◆ **Aim of the exercise**: Reproduce only what runs from the line containing "Alle verfügbaren Einzelcarports" to the line containing "Compared to the" in the records below, inclusive. Keep it exact, and keep the pictures out.

◆ **Records shown**:
----
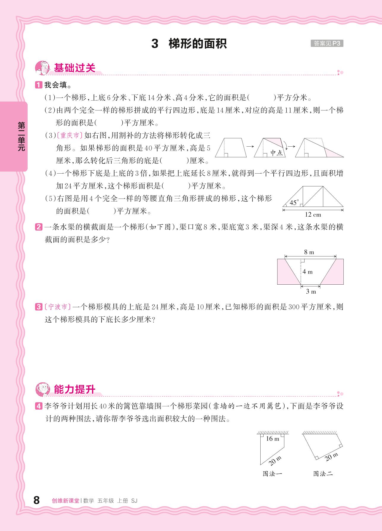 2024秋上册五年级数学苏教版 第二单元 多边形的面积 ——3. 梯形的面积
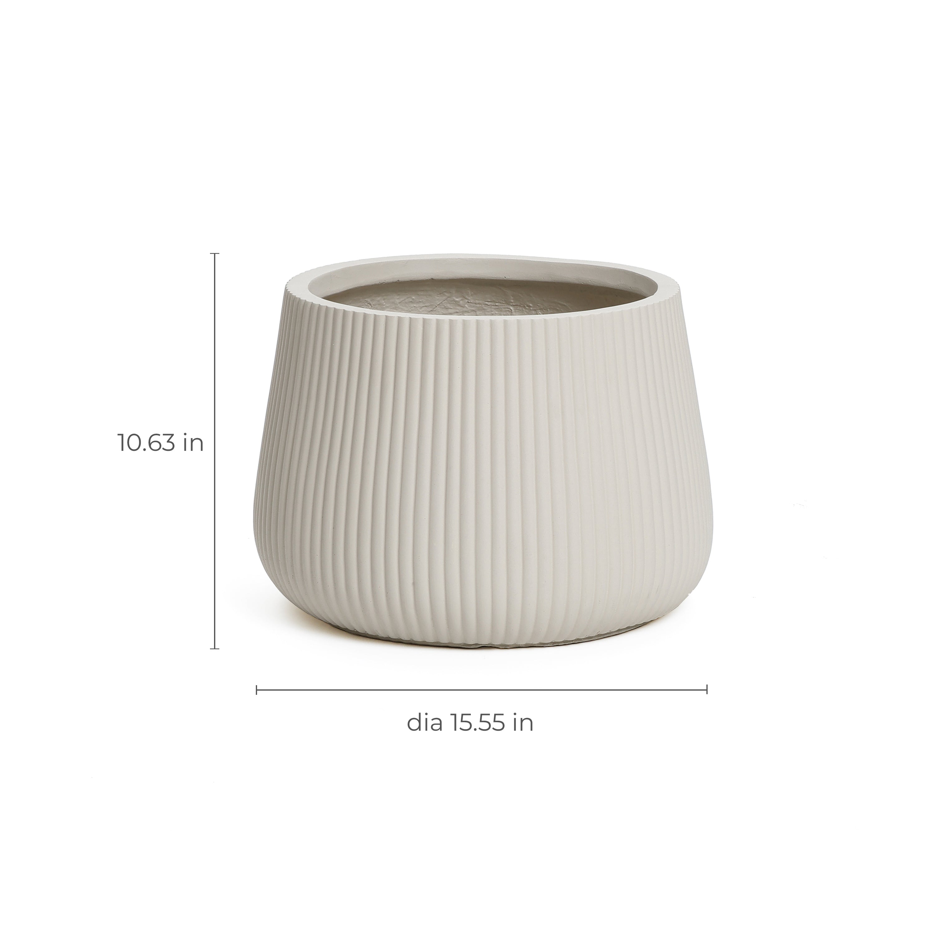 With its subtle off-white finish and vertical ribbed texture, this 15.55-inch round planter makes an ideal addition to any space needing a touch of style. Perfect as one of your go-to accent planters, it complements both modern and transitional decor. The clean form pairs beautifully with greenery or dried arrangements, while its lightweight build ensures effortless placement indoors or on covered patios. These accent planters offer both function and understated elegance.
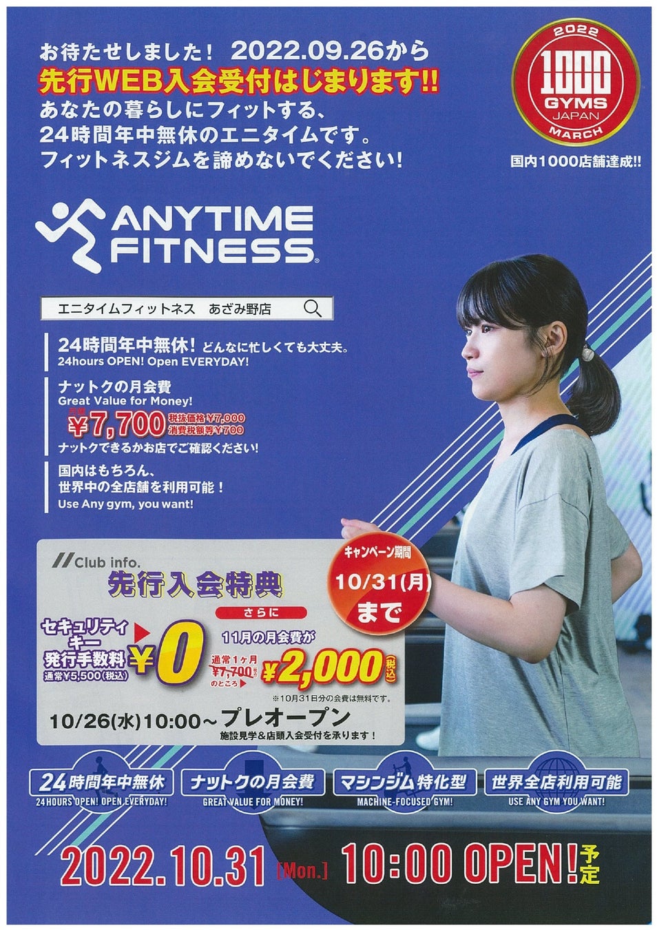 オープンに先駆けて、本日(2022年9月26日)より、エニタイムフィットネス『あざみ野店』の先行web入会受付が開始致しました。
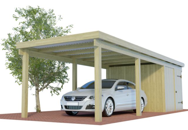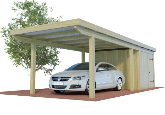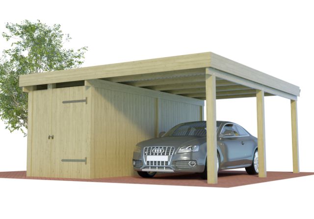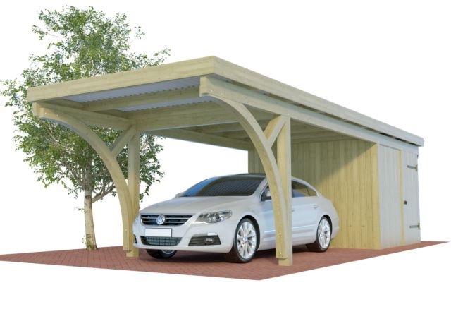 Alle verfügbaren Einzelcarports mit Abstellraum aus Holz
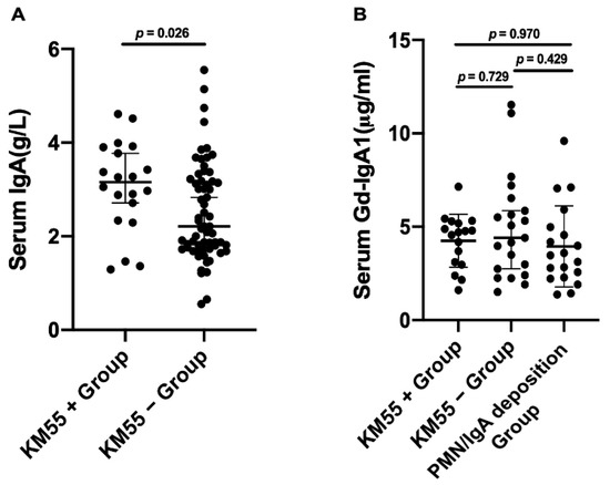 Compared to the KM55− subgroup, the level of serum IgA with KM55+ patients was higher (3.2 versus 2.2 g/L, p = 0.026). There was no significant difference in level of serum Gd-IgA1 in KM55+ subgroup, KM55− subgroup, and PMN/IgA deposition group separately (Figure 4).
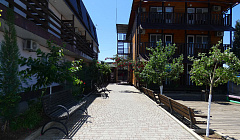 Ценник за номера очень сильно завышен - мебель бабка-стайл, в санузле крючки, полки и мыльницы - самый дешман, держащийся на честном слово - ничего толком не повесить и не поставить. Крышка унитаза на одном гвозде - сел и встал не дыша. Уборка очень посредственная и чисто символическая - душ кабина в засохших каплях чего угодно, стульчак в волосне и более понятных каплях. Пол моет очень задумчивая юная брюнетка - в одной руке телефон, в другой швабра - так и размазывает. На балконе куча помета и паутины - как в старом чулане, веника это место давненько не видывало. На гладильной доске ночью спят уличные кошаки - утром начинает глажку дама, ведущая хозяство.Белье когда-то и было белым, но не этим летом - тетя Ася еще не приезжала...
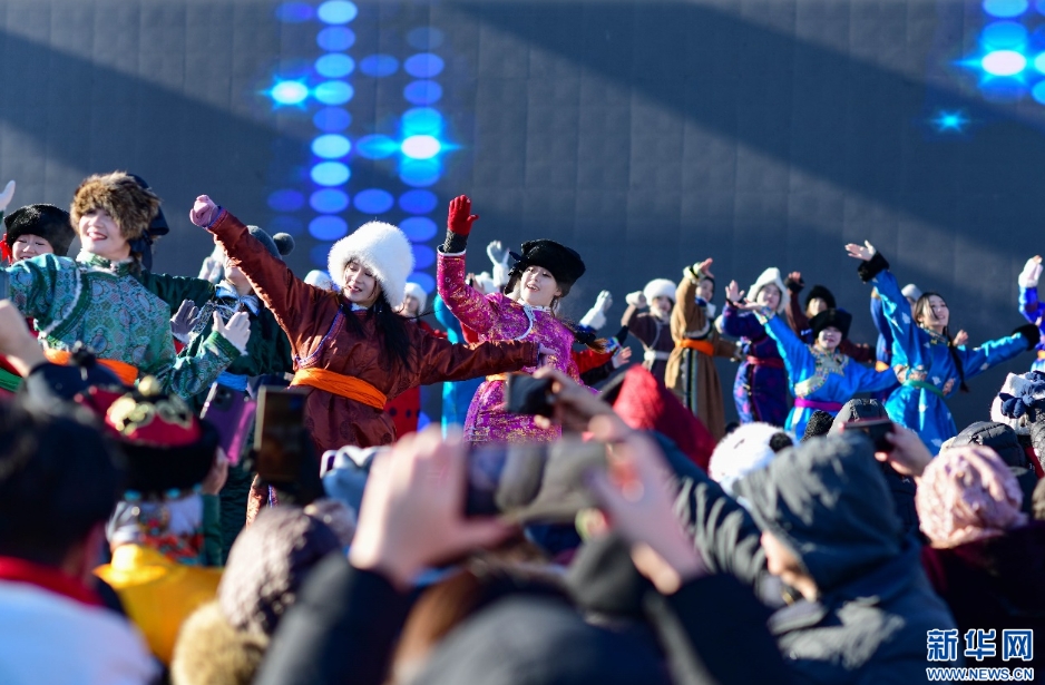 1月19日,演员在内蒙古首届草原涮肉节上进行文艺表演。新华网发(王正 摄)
----
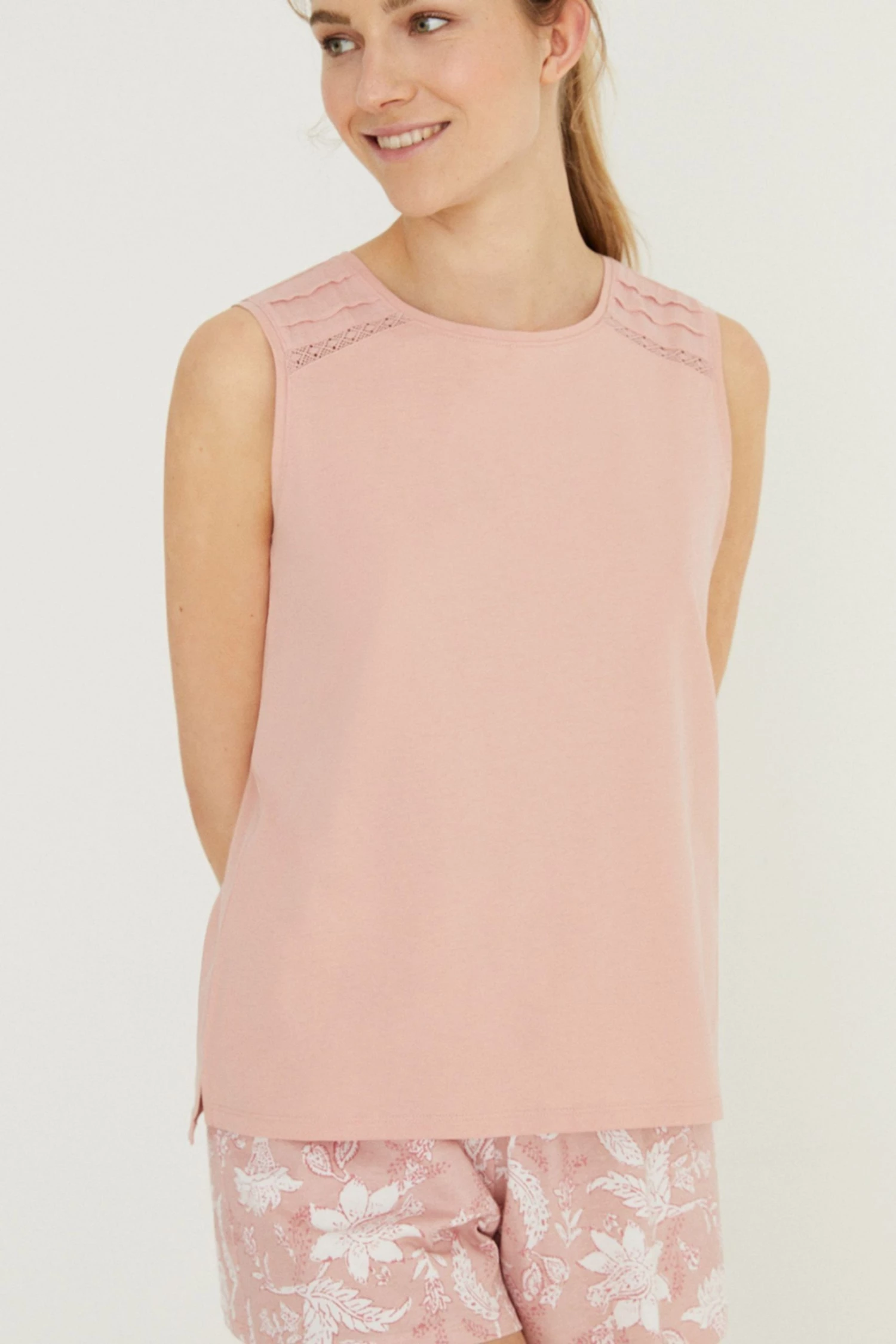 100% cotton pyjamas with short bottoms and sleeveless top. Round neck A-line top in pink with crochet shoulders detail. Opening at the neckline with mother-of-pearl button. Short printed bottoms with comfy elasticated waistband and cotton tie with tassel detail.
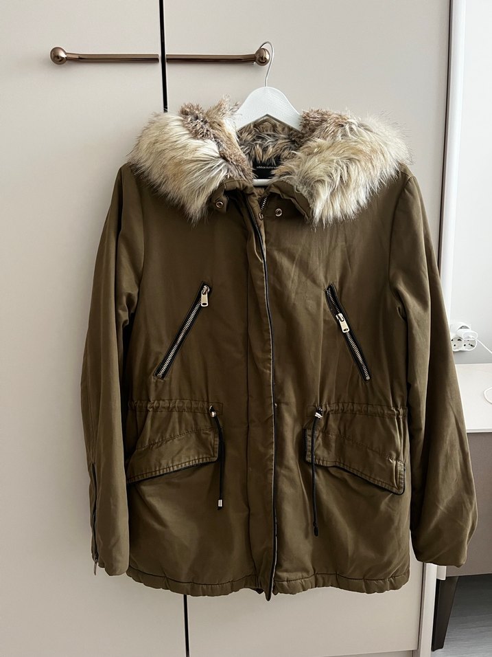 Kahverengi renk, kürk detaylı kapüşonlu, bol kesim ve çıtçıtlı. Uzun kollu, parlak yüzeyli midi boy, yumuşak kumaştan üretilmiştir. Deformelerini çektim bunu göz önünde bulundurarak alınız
----
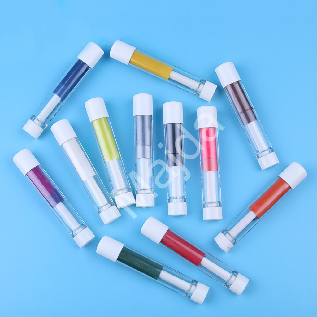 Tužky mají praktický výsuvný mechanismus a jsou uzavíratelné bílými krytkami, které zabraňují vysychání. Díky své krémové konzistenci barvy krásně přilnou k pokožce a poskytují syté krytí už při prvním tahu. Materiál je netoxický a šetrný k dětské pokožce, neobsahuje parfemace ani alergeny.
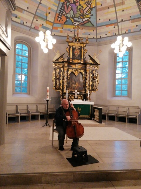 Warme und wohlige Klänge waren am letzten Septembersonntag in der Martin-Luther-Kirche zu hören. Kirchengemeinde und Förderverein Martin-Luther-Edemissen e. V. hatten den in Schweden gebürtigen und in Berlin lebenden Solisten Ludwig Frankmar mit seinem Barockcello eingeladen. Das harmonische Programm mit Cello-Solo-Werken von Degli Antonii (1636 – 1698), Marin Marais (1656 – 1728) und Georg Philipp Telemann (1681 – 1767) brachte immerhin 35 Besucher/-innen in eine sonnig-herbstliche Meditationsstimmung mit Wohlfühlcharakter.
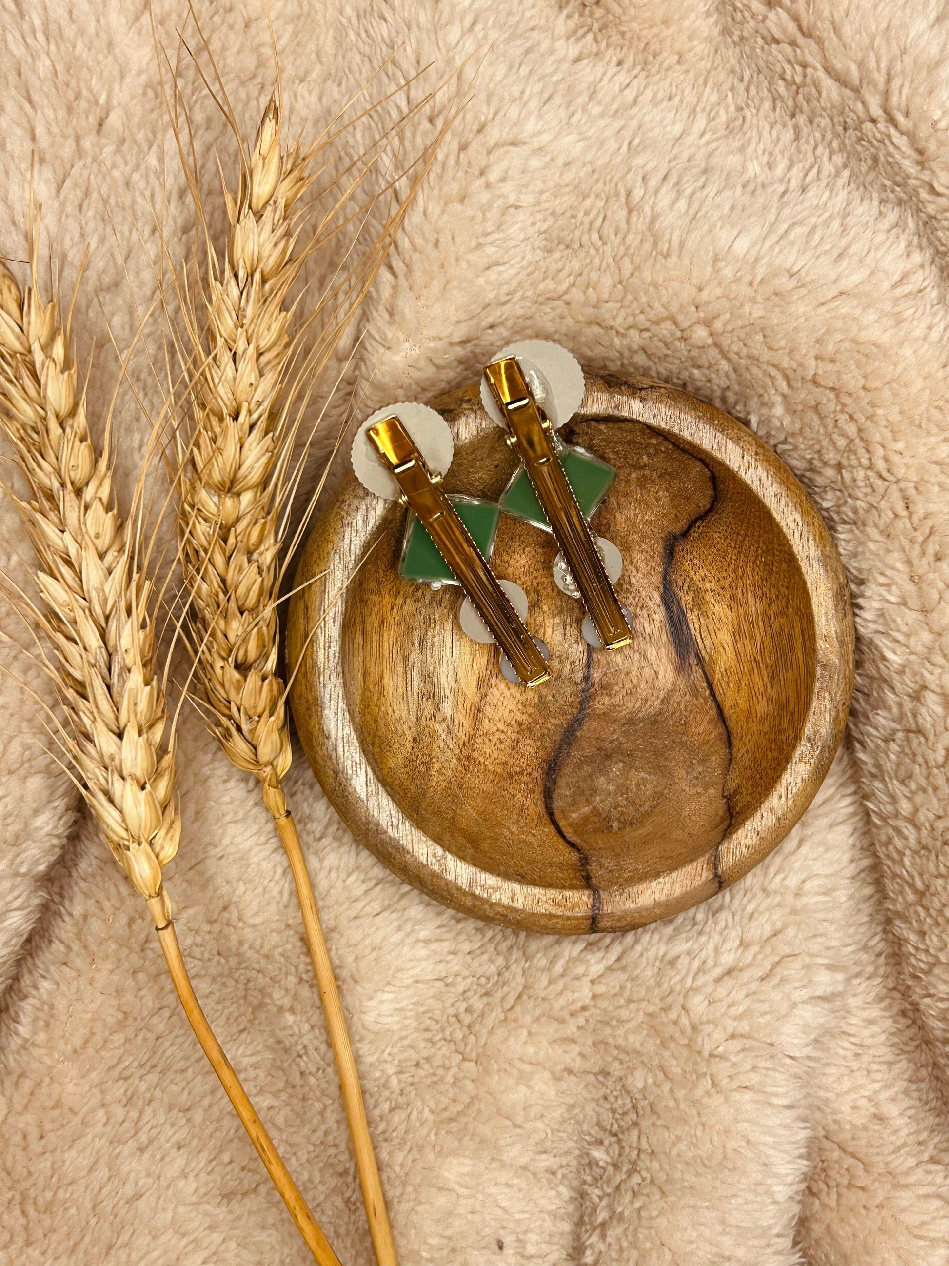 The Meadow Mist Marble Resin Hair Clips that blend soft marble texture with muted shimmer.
----
◆ **Written response**:
 Alle verfügbaren Einzelcarports mit Abstellraum aus Holz
 Compared to the KM55− subgroup, the level of serum IgA with KM55+ patients was higher (3.2 versus 2.2 g/L, p = 0.026). There was no significant difference in level of serum Gd-IgA1 in KM55+ subgroup, KM55− subgroup, and PMN/IgA deposition group separately (Figure 4).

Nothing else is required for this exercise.